Mean Machines
- Gary Harrod's cover artwork for issue 12
- Editor: Julian Rignall
- Categories: Video game journalism
- Frequency: Monthly
- First issue: October 1990
- Final issue Number: September 1992 24
- Company: EMAP
- Country: United Kingdom
- Website: www.meanmachinesmag.co.uk
- ISSN: 0960-4952

= Mean Machines =

UK video game magazine (1990–1992)

Mean Machines was a multi-format video game magazine published between 1990 and 1992 in the United Kingdom.

== History ==
In the late 1980s Computer and Video Games (CVG) was largely covering the outgoing generation of 8-bit computers like the Commodore 64, ZX Spectrum, Amstrad CPC and the 16-bit Atari ST and Amiga. Julian Rignall built and launched a consoles-oriented section of the magazine called Mean Machines. The inaugural section was featured in the October 1987 issue of the magazine and largely covered games on 8-bit games systems like the Nintendo Entertainment System and Master System. It included features on newly emerging Japan-only consoles such as the PC Engine.

Over the ensuing months, CVG increased its coverage of consoles and started a 'Mean Machines Megaclub'. At the same time, a new import gaming marketplace started to emerge fueled by demand for these new consoles.
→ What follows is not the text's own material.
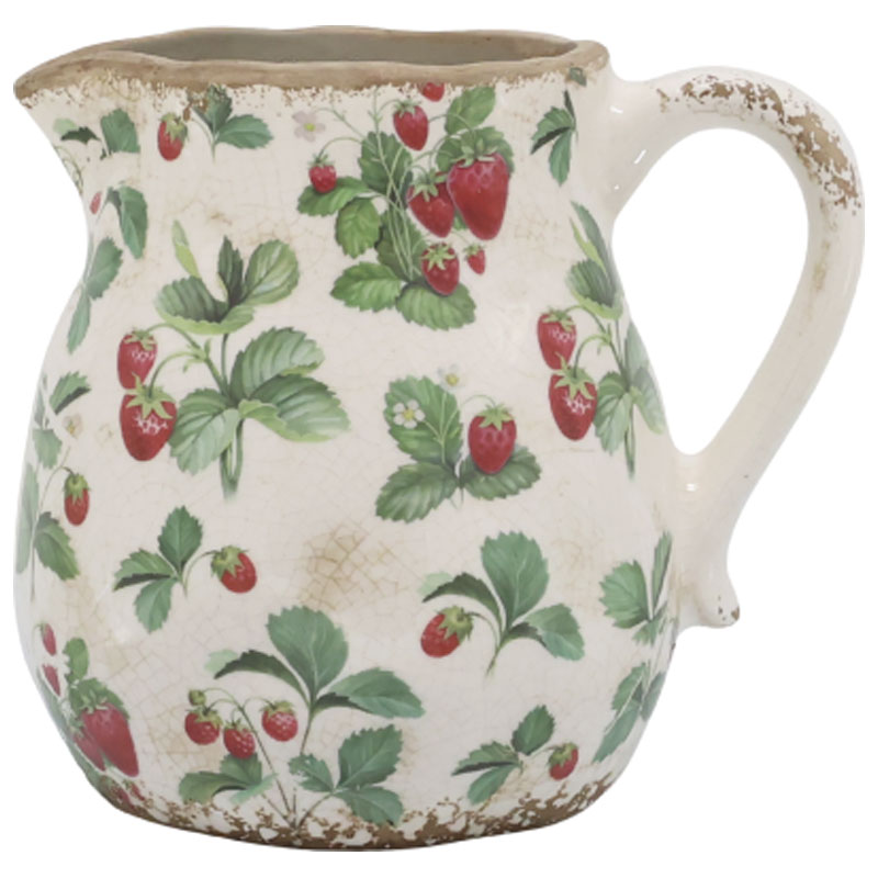Gullig kanna från Chic Antique, prydd av småmönstrade jordgubbar mot en offwhite botten.

Small retailers in Britain began importing consoles and games directly from Japan, modified them for the UK market and sold them on.

Rignall and newly hired designer Gary Harrod spent two weeks planning the design, editorial tone and style, and published Mean Machines Issue Zero: a 16-page test version of the magazine that to elicit feedback from potential advertisers and readers. Only ten of these magazines were published, although a mini version was reprinted and given away free with Issue 15 of the magazine. Another early attempt on covering the video game console market is Complete Guide to Consoles which lasted for four issues and one exclusively for the Sega gaming systems The Complete Guide to Sega.

The first issue covered the Sega Mega Drive, Sega Master System, Nintendo Entertainment System, Game Boy and GX4000 consoles. Within a few months the Amstrad was taken off the market due to poor sales, and the Super Nintendo Entertainment System replaced it in the magazine's focus, making MM a mainly Sega and Nintendo only magazine. Coverage was also given to other machines like the NeoGeo and PC Engine.

Following the lead of parent magazine CVG, Mean Machines covered both domestic and imported releases; this meant that the magazine could review titles that were months away from UK release. At the time, import gaming was more popular than it is now, as increased territory lockouts and swifter UK release dates have made import gaming a relatively niche market.

==Mean Machines Sega and Nintendo Magazine System==
 and

As the UK video games market grew and matured, Sega and Nintendo emerged as the two dominant manufacturers. EMAP split the magazine in two, creating Mean Machines Sega and the officially-endorsed Nintendo Magazine System.

After a successful launch, monthly sales of NMS dropped to a level just below the original Mean Machines at its peak, and the circulation of MMS began to decline, and at the end of 1993, EMAP Images launched the officially endorsed Sega Magazine, which competed with sales of its own independent Sega publication.

The magazine was published until 1997. The staff were then incorporated into Official Sega Saturn Magazine. Nintendo Magazine System became Nintendo Official Magazine , and continued until the official Nintendo licence was won by Future Publishing. The last Mean Machines magazine was Mean Machines PlayStation ; the original Mean Machines staff had long since moved on. This soon folded after the launch of Official PlayStation Magazine. Only six issues were released.

== Staff ==
Julian Rignall (Editor), Gary Harrod (Designer), Richard Leadbetter (Staff Writer), Radion Automatic (Staff Writer), Oz Browne (Designer), Matt Regan (Staff Writer), Angus Swan (Staff Writer), Paul Glancey (Contributor), and Robert Alan Bright (Staff Writer).